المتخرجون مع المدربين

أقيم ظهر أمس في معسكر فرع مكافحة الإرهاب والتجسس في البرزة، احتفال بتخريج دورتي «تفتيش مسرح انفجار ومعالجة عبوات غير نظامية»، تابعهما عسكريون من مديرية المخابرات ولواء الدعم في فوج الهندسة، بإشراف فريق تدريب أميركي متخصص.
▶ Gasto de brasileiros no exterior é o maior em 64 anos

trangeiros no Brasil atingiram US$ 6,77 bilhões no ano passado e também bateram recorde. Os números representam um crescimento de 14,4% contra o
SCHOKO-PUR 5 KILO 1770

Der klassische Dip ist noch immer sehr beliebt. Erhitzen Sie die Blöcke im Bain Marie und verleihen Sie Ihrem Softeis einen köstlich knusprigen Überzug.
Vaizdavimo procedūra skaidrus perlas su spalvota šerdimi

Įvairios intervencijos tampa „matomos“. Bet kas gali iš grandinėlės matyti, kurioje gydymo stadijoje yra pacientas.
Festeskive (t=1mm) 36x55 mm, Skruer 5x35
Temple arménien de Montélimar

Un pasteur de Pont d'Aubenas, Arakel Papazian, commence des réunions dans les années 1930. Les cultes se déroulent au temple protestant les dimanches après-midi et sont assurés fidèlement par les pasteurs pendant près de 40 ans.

+ + +

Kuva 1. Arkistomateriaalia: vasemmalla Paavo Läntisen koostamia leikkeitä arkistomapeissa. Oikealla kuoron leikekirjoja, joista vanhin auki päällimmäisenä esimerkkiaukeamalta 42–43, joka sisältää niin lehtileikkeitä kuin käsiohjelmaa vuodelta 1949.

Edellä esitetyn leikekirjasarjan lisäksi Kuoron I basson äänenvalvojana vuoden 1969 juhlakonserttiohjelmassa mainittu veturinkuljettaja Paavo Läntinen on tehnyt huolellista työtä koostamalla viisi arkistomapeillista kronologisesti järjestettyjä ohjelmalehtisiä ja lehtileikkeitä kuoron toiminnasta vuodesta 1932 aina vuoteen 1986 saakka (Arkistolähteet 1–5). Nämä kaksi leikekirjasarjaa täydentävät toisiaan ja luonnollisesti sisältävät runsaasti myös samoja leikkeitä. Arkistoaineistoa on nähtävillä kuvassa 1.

+ + +

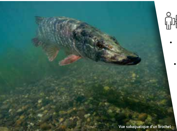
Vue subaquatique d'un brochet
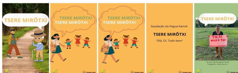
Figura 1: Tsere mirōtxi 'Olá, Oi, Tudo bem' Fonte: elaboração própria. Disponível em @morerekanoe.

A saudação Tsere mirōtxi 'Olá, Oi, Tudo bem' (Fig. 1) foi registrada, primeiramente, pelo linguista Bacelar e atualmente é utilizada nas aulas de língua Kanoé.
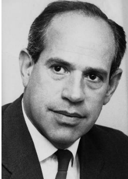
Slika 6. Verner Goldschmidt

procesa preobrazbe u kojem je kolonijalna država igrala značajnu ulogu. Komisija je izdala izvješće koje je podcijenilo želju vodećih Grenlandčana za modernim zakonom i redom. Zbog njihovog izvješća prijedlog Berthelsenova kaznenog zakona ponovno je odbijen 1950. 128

+ + +

▶ _AIM OF THE EXERCISE_:
Please show the lines in the entries above that hold the string "Tudo".

▶ _YOUR RESPONSE_:
Figura 1: Tsere mirōtxi 'Olá, Oi, Tudo bem' Fonte: elaboração própria. Disponível em @morerekanoe.
A saudação Tsere mirōtxi 'Olá, Oi, Tudo bem' (Fig. 1) foi registrada, primeiramente, pelo linguista Bacelar e atualmente é utilizada nas aulas de língua Kanoé.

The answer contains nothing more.